Anyone started thinking about what they might be checking out this year? I still have a bunch of my flicks boxed away in storage that is unfortunately, not in this state. I hope to have them out in the next few weeks. In the meantime, it's plan time. Feel free to post your lists here. :jol:


----------



## Daddy's Little Corpse (Sep 7, 2006)

I already started personally...

I'm having an unofficial 50-Days of Halloween to keep me going in my prop construction. The dork that I am I've been recording it in my livejournal.

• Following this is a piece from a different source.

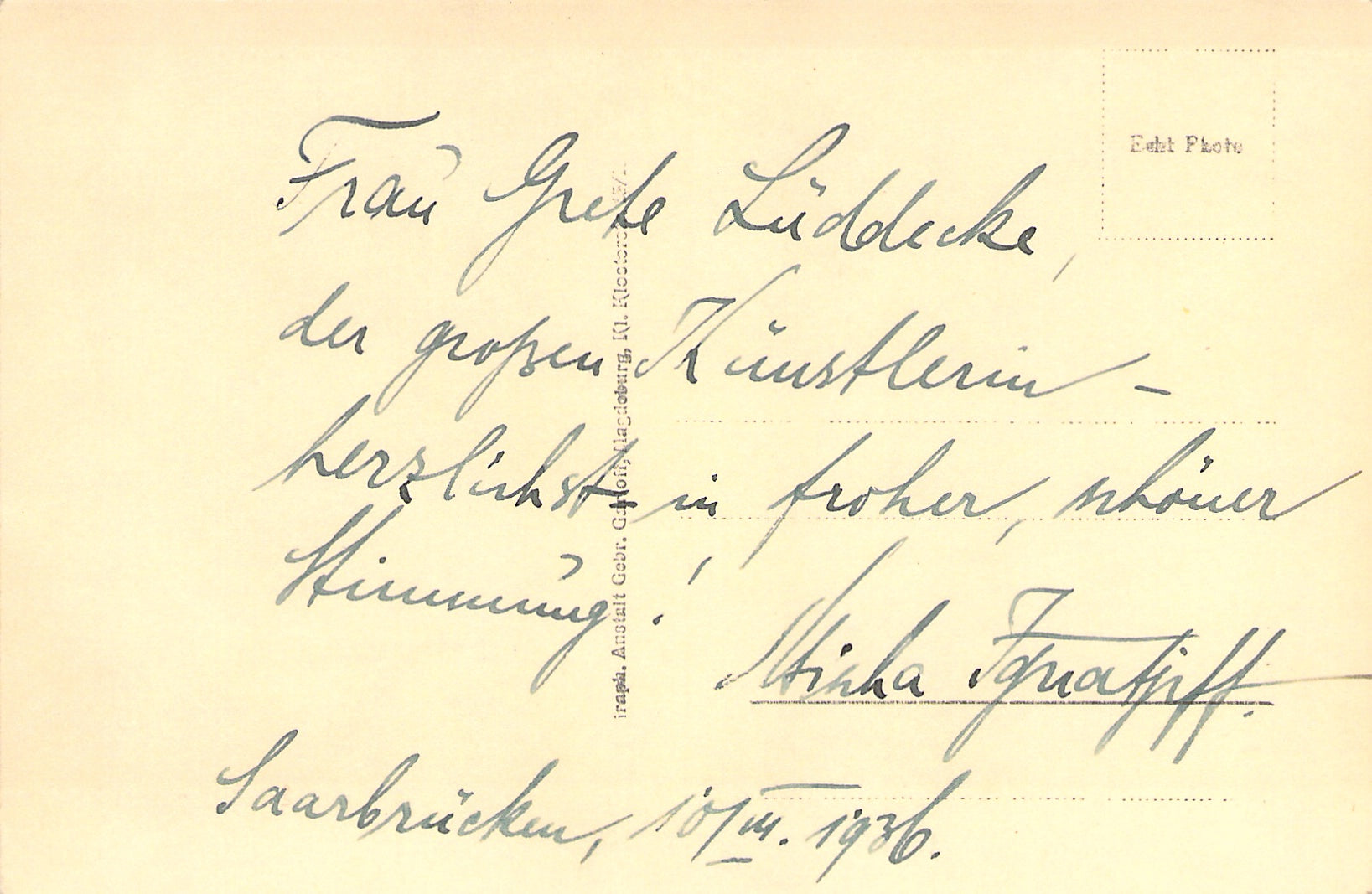 Fine black-and-white photo postcard signed by him with a short sentiment dated 1936. Size is 3.6 x 5.5 inches, in excellent condition.

What I've watched thus far:
-Candyman (2x- I kinda forgot to pay attention the first time)
-Hellraiser
-Sleepwalkers
-A Nightmare on Elm Street Part 2- Freddy's Revenge
- Evil Dead
- Evil Dead II
-Wrong Turn
-A Nightmare on Elm Street 3: Dream Warriors
-Last House on the Left
-A Nightmare on Elm Street 4: The Dream Master
-Halloween 4
-Halloween 5
-Urban Legends 
-Blood and Black Lace
-Project Runway (cause Vincent and Angela are THAT scary)
-Halloween H20
-Last House on the Left (yes, again. Poor poor Junior...)
-Saw II (which I almost forgot, which tells you how much of an impression it left)
-Blair Witch Project (a girl gets tired of knives as the weapon of choice)
-Horror Hotel
-The Devil's Hand
-Black Christmas
-The Fog (the original)
-Halloween III Season of the Witch
-Fright Night
-Fright Night II

Today:
-Bucket of Blood
-I Bury the Living
-The Shining
-Sleepy Hollow High
-An American Werewolf in London


Aren't you sorry you asked? 
By the by I highly recommend "Black Christmas" and "Horror Hotel" to anyone and everyone!


----------



## Johnny Thunder (Feb 24, 2006)

Like I've said before, I watch horror movies all year long every free chance I get. I will seek out any marathons or themes on TCM or AMC. Otherwise, I will cycle through my DVDs and VHS (yes) tapes when I get free time.


----------